The listing that follows should be copied in full and exactly, with no pictures.

Data extract:
Segment Open

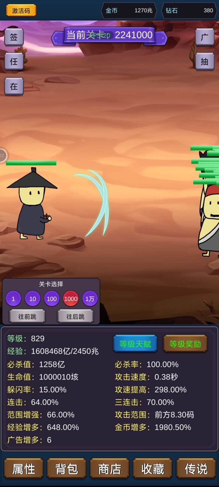 怎么说呢,这个游戏你把收藏买完其实就算通关了,剩下的就是把别的等级刷满前期上线在线多一点,升级和点技能,广告也可以看前期升快一点,大概两到三天就可以买完了,后面就是刷等级,广告也不用看,性价比低然后就是说不用追求攻速,大概0.6~7就差不多了,因为你再快还是只出了那么多人额,差不多了吧,OK,没了
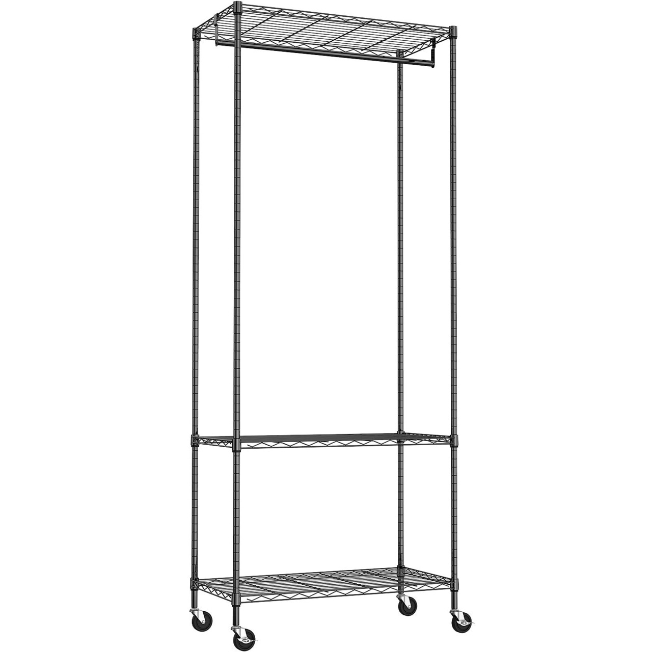 【在庫セール】IZEUK ハンガーラック キャスター付き 2段 ハンガーパイプ1本 洋服ラックポール 収納 棚 服掛け 防錆 頑丈 幅75×奥行40×高さ189.3cm ポール径19.1mm パイプハンガー コート掛け おしゃれ アジャスター付属 侧面2個コート掛けフック付き ブラック | nico3588
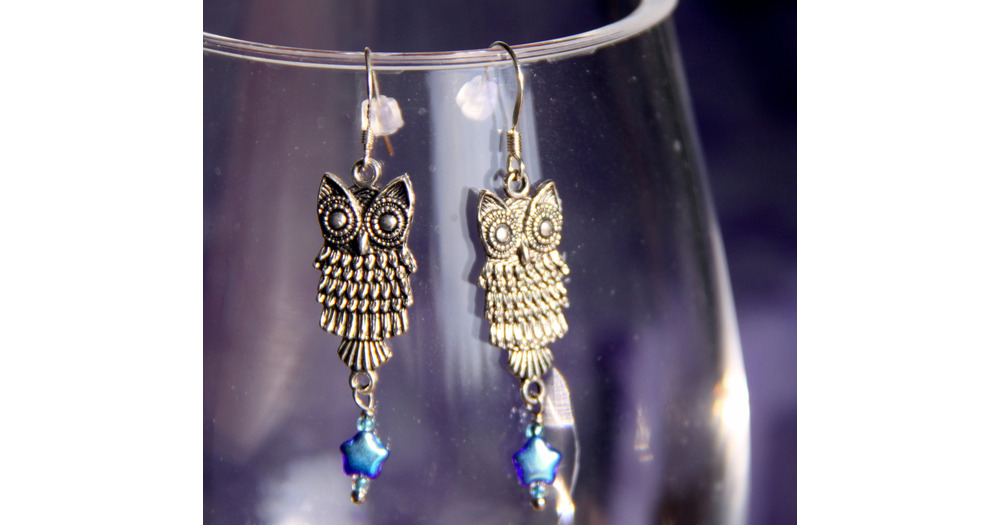 Sterling Silver Owl Earrings: Aurora Borealis Blue Star Pewter Charms

Segment Closed

Response to the task:
 怎么说呢,这个游戏你把收藏买完其实就算通关了,剩下的就是把别的等级刷满前期上线在线多一点,升级和点技能,广告也可以看前期升快一点,大概两到三天就可以买完了,后面就是刷等级,广告也不用看,性价比低然后就是说不用追求攻速,大概0.6~7就差不多了,因为你再快还是只出了那么多人额,差不多了吧,OK,没了
 【在庫セール】IZEUK ハンガーラック キャスター付き 2段 ハンガーパイプ1本 洋服ラックポール 収納 棚 服掛け 防錆 頑丈 幅75×奥行40×高さ189.3cm ポール径19.1mm パイプハンガー コート掛け おしゃれ アジャスター付属 侧面2個コート掛けフック付き ブラック | nico3588
 Sterling Silver Owl Earrings: Aurora Borealis Blue Star Pewter Charms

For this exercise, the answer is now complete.